Our first endeavor was to have a benchmark to measure copy performance. While there are many tools such as libMicro to accomplish this, these have functions much beyond copying. As a result, the results exhibit significant variance and may not illustrate copy functionality.

We wrote a device driver, copydd, which will simply emulate a user-to-kernel copy operation. Then our benchmark, a simple user program opens copydd, and writes a 512 MB buffer to it in specified data sizes. Copydd does a copy from the user memory space to a preallocated memory buffer (which was allocated and initialized using an ioctl() before the benchmark started). We wrote this program for both Solaris and Linux, and the code is available for download here. Using this device driver, we could focus on the copy operation without getting sidetracked by anything else.

Our very first version of the benchmark measured the latency of writing into copydd by timing the routine at the user level since we believed that an improvement in latency would directly translate to improving bandwidth. We timed the benchmark for three different cases:

(i)Memory alloced but not touched before the benchmark,

(ii)Memory alloced and page-faulted in, and

(iii)Memory alloced and cached-in.

We discovered that using large pages (page size=2M instead of 4K) helped case (i) by 20% but did not affect cases (ii) and (iii). This would be indicative of TLB misses occurring when the memory is faulted-in. Setting use_sse_pagezero to 0 (using mdb -kw) helped case (ii) by close to 50%. The above setting makes the kernel zero-out a page right when it is faulted-in. In the process of zeroing-in, the page gets loaded into the cache, as a result of which the benchmark runs much faster.

We suggested our partner to tune use_sse_pagezero to 0 and re-evaluate their application. However, they reported little to no benefit.
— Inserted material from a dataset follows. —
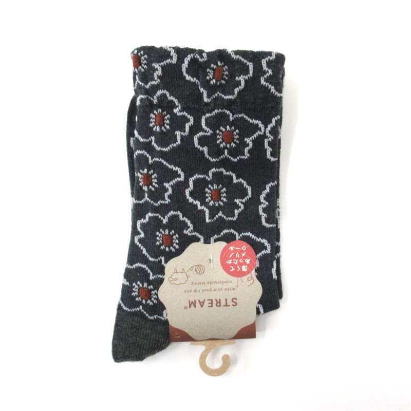 STREAM あったかメリノウール 花枠フロート柄クルーソックス

We then decided to move over to measure copy bandwidth in our benchmark rather than the latency. This led us investigate the different approaches Solaris uses for copying data. Since copying is such critical functionality, it is implemented in assembly code for performance reasons. The code specific to Intel X86_64 based systems is available here. There are two variants of copy available (i)Cache-allocating copy, in which memory is first cached-in during read and then copied, and (ii)Non-temporal copy, in which copying happens from one memory location to another without bringing the contents into cache.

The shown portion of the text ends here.